For most women, the most problematic parts of their cycle come after they have ovulated. As the egg reaches the womb, it breaks down and secrete progesterone. As the levels change and estrogen is no longer dominant, many women will experience severe mood changes. 

Scientists suspect that estrogen may be well described as the molecule of worry since anxiety is rife when levels drop. Indeed men with OCD often respond very well to being treated with estrogen.

A trial done in 2017 showed that inhaling rose (and geranium, too) enhanced levels of estrogen found in the saliva.

Rose oil benefits for mood are only part of the story here. Rose helps to regulate the hormonal cycle and is effective in reducing premenstrual pain too.

A note here: trials suggest that while there will be a change in the first cycle, the effects will be much stronger in subsequent ones. It is interesting to see that it is congruent with the earlier menopause anxiety and depression trial. The results of (at least some )essential oils are cumulative and get stronger over time.

Rose Oil Benefits for Mood Aspects of Dementia

Dementia seems, to me, to be the cruelest of all diseases. The memory and the personality are slowly eroded, synapse by synapse, until there are so many tangles in the brain tissue that there is nothing left but aggression and confusion.

I wrote about this extensively in my Melissa officinalis book because this is also a plant with an exciting future in this area.

In that book, some trials used questionnaires for the carers to describe their subjective experiences of the treatments. They make for harrowing reading "How many times has the patient spat at you this week…how many times have they disrobed at inappropriate times…how many incidents of pulling your hair.."

Forgetfulness is not even half of it.

I dread it.

Thankfully, it appears so do the men in white coats because billions of dollars are poured into dementia research every year, much of which is into plant medicines.

Clinical trials seem to suggest that rose essential oil may be able to reverse early signs of dementia, as it encourages other words, the brain begins to grow healthier tissue again. (Esfandiary, 2014)

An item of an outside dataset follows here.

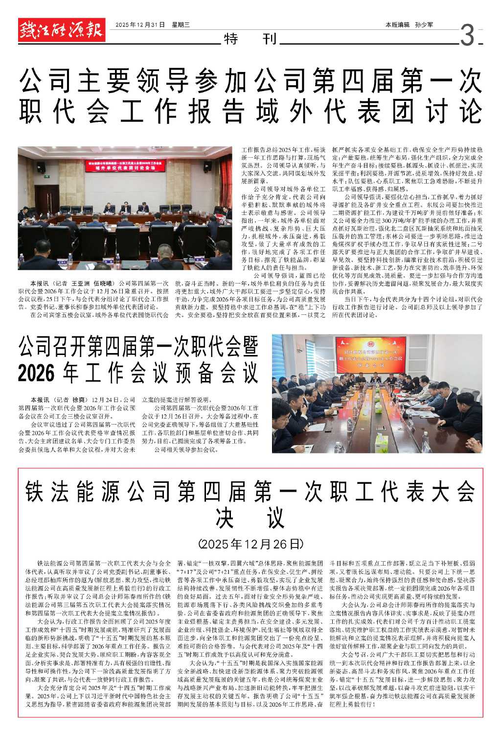鐵法能源公司第四屆第一次職工代表大會…

In another trial, (where patients were given oral doses of rose extract in a capsule), depression and behavioral deviations were reduced, and cognitive processing was improved. (Esfandiary, 2018)

The Anti Tantrum Oil!

We speak about this mythological connection with the divine feminine and, specifically, these goddesses connected to the planet Venus. Later incarnations were focused on love, sex, and fertility. However, in her earliest manifestations, these rose goddesses were war goddesses.

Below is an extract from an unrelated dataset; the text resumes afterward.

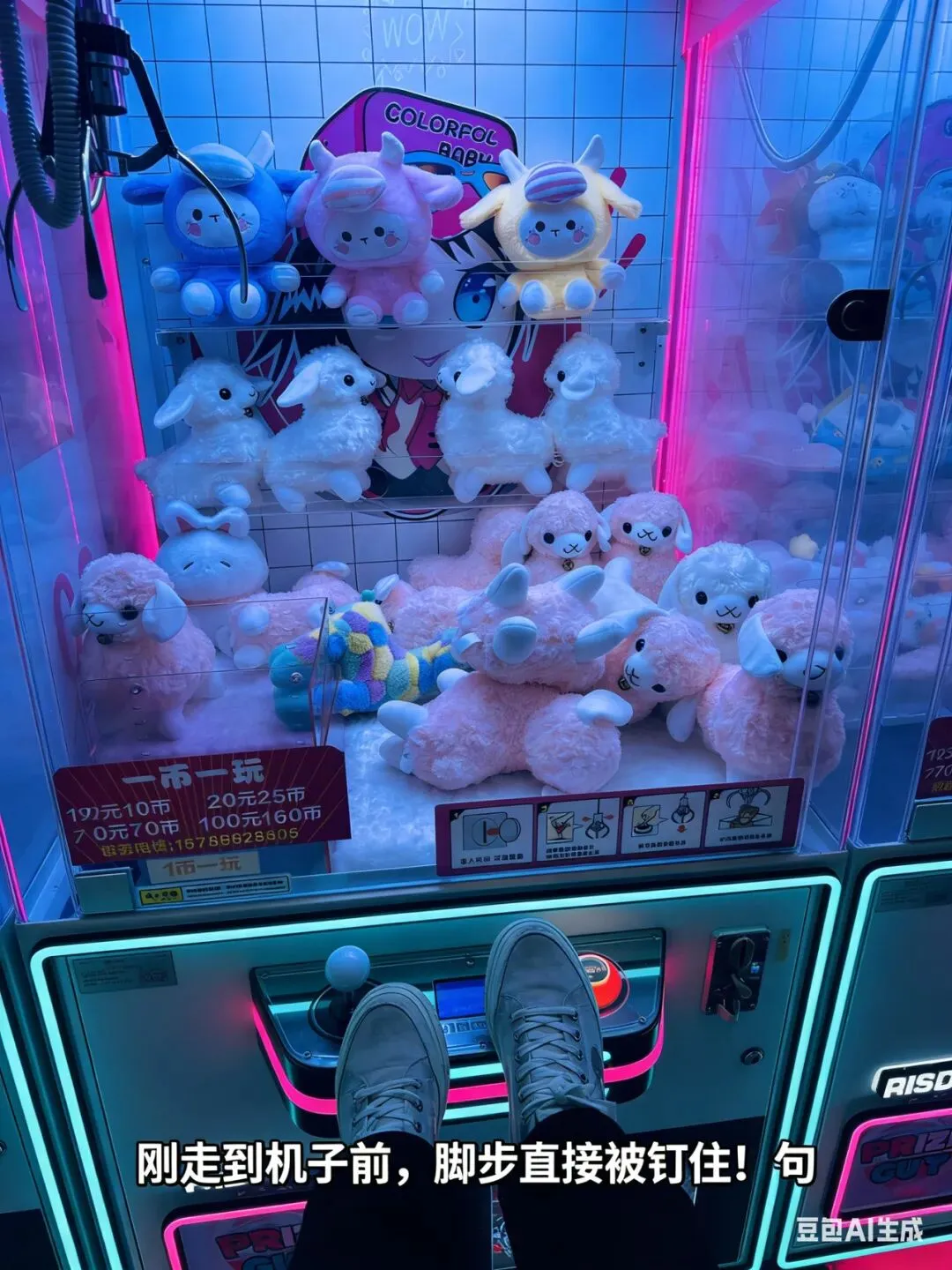 刚走到机子前,我的脚步就被牢牢钉住了。第一眼就被满柜的粉色羊驼玩偶暴击,蓬松的绒毛、圆溜溜的眼睛,搭配蓝粉撞色的霓虹灯光,拍照都不用加滤镜,随手一拍都是氛围感大片。旁边的Mini BabyⅡ娃娃机更过分,星黛露、草莓熊、布丁狗扎堆,各种萌系公仔挤在一起,简直是二次元和少女心的双重暴击。

If you are like me and have Boudicca-style hormones, you might be interested to know that not only does rose to soothe worry, but it also has an anti-conflict element. (Umezu, 2002)

In rodent trials, rats had their nitric oxide receptors removed. This receptor has many applications (which we'll look at more in a moment), but nitric oxide seems to be involved in aggression. So, without these receptors, the rats fought to their deaths ( :( ), but this didn't happen when they were exposed to rose vapors. They became much less aggressive.

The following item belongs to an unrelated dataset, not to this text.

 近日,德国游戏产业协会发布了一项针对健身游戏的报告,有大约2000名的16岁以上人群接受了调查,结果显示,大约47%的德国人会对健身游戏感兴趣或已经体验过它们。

A sad part of my job is coming into contact with many people struggling with addiction and the fallout it causes in other people's lives. Opioids are often the worst, as we see heroin and fentanyl destroying lives and prescription drugs.

Rose essential oil helps opioid withdrawal. Trials show that it reduces all withdrawal symptoms except diarrhea (Abbasi Maleki, 2013). That it does not help diarrhea is not surprising because rose is a laxative, of course).

Safety of Using Rose Oil Benefits for Mood

Rose is a sweet, gentle oil that is easy and safe to use (albeit very expensive). However, because it strongly affects hormones, it is not advised to be used in the first 37 weeks of pregnancy. After that point, it is lovely for women who feel nervous about the birth.


There is so much to say about rose oil; I could write another book about it. I am working on a course for people to do a deep dive to discover more about it for themselves. Watch for updates on that through my linktree. For now, though, know that rose oil's benefits for mood are loving, aphrodisiac, antianxiety, antidepressant, calming, soothing, and caring; they are tremendous for helping us sleep and the skin.